▶ PROBLEM: Copy out the full listing exactly, omitting any picture it contains.

▶ DATASET SECTION:
=== Begin Enclosure ===
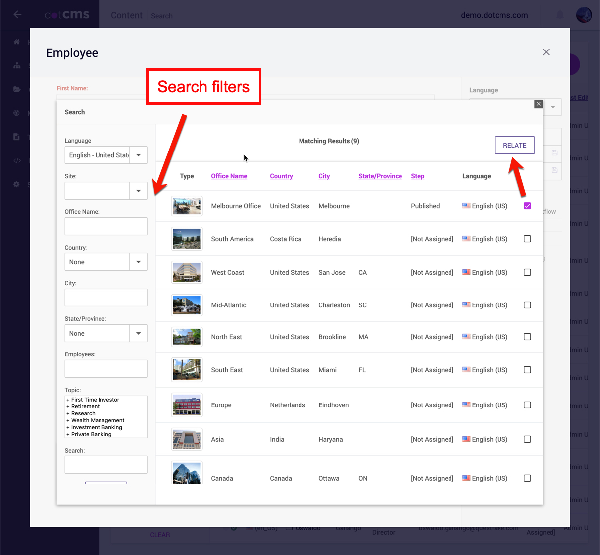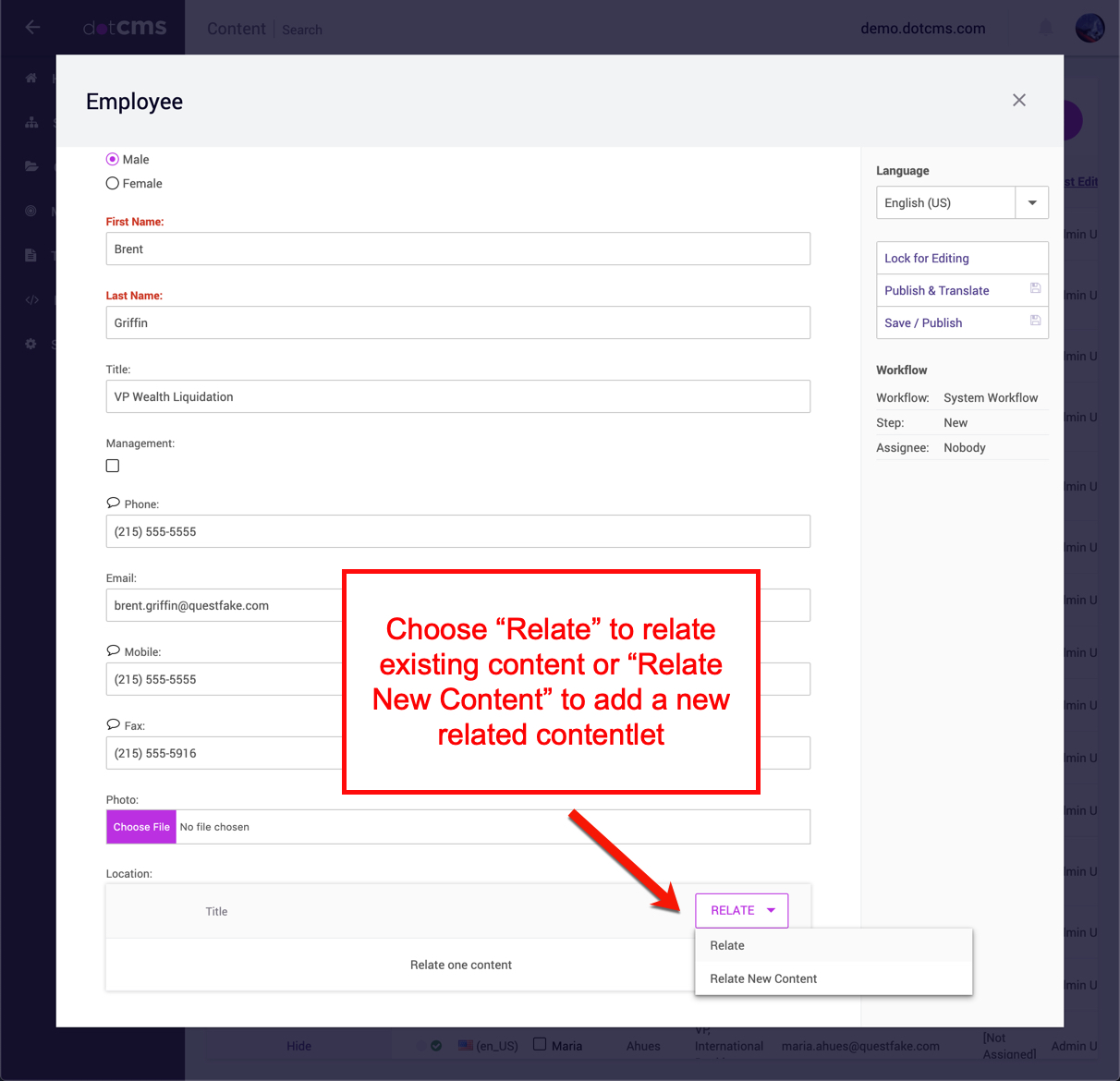 The Relationships Field allows content publishers to choose "Relate" to search for an existing piece of content to relate, or "Relate New Content" to add a new piece of related content to the one currently being edited. In the example below, choosing "Relate New Content" will allow a new office to be added and simultaneously related to the current employee being edited.
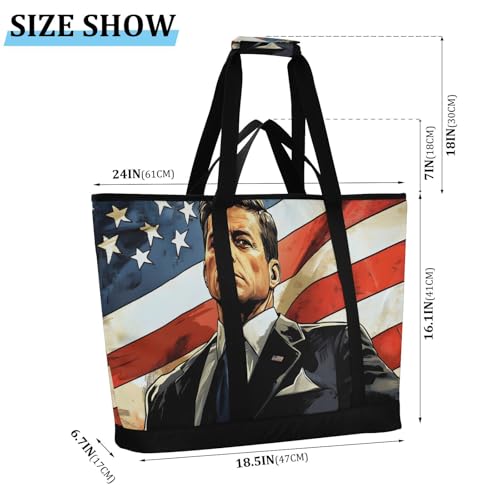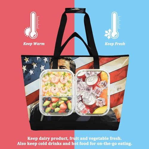 HOT ! Man American Flag Large Insulated Tote Bag for Grocery Shopping Reusable Tote Bags for Women Men, Cooler Bag with Zippered Top & Handles for Beach Picnic Travel
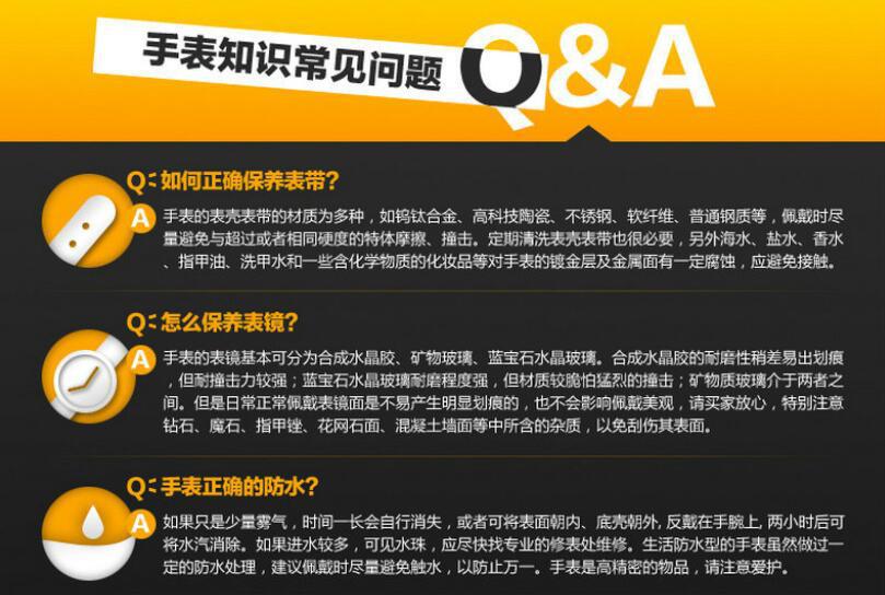 2.不要隨意打開表後蓋,以免塵埃進入機芯影響手錶的正常工作。
=== End Enclosure ===
▶ TASK SOLUTION:
 The Relationships Field allows content publishers to choose "Relate" to search for an existing piece of content to relate, or "Relate New Content" to add a new piece of related content to the one currently being edited. In the example below, choosing "Relate New Content" will allow a new office to be added and simultaneously related to the current employee being edited.
 HOT ! Man American Flag Large Insulated Tote Bag for Grocery Shopping Reusable Tote Bags for Women Men, Cooler Bag with Zippered Top & Handles for Beach Picnic Travel
 2.不要隨意打開表後蓋,以免塵埃進入機芯影響手錶的正常工作。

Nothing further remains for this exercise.